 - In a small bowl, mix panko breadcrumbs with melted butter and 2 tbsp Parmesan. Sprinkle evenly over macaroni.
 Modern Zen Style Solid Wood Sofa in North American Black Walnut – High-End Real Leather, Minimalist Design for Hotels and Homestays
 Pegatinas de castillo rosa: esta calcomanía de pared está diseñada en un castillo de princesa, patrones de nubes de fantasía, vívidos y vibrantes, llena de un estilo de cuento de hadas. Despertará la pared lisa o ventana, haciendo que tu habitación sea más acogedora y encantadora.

==

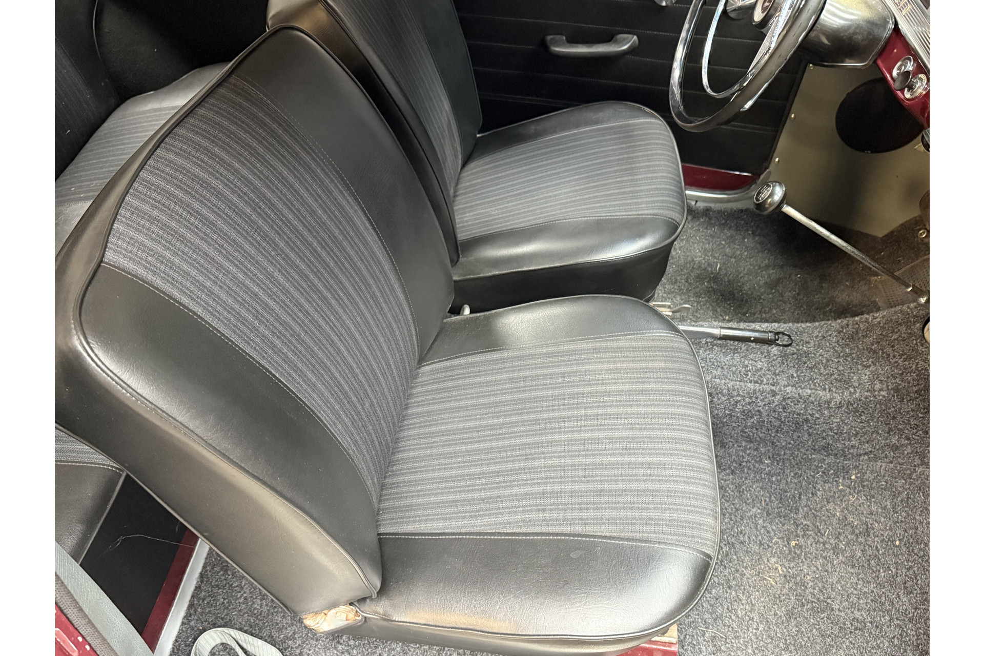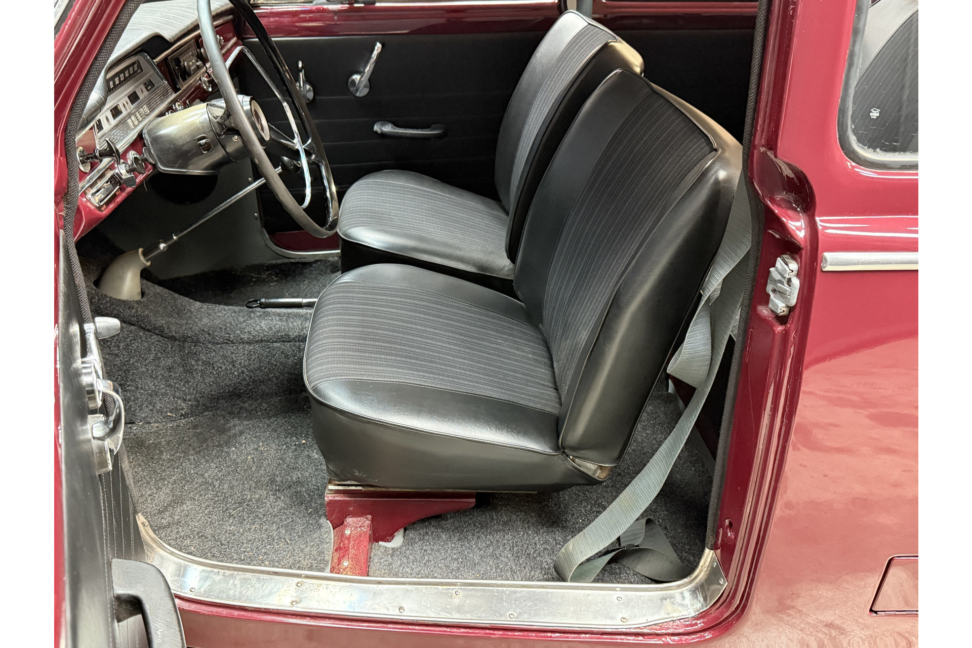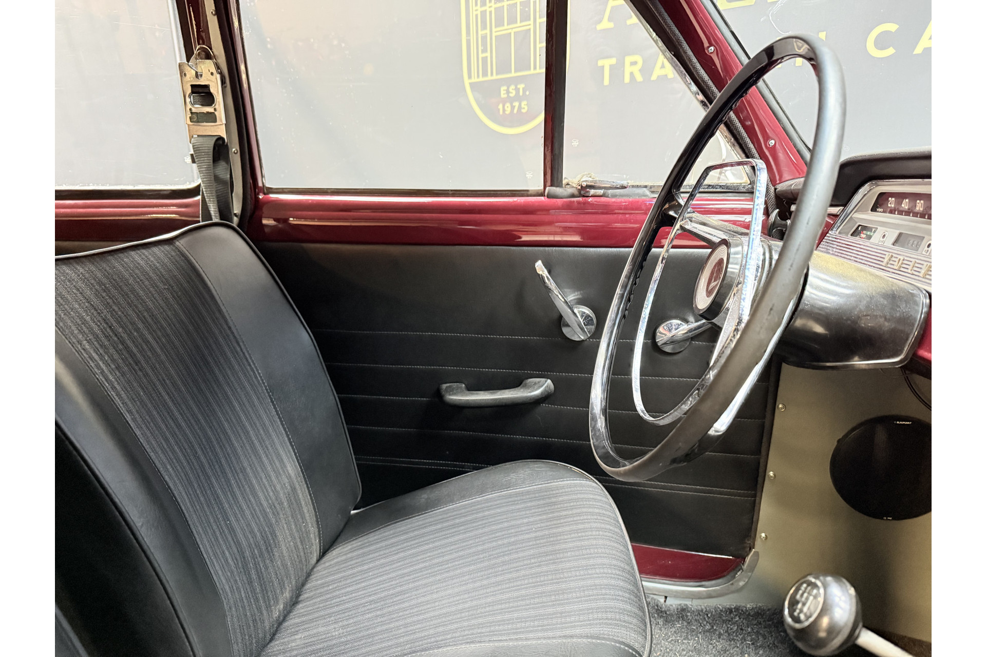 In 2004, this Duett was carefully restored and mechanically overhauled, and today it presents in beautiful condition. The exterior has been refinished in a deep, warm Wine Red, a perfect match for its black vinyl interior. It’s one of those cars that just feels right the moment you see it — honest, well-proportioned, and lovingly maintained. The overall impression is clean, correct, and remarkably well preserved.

◆ **The problem**
In the listing above, find the line containing "- In a small" and the line containing "Modern Zen Style", then retype both and every line between them exactly, with nothing else.

◆ **Result for this exercise**
 - In a small bowl, mix panko breadcrumbs with melted butter and 2 tbsp Parmesan. Sprinkle evenly over macaroni.
 Modern Zen Style Solid Wood Sofa in North American Black Walnut – High-End Real Leather, Minimalist Design for Hotels and Homestays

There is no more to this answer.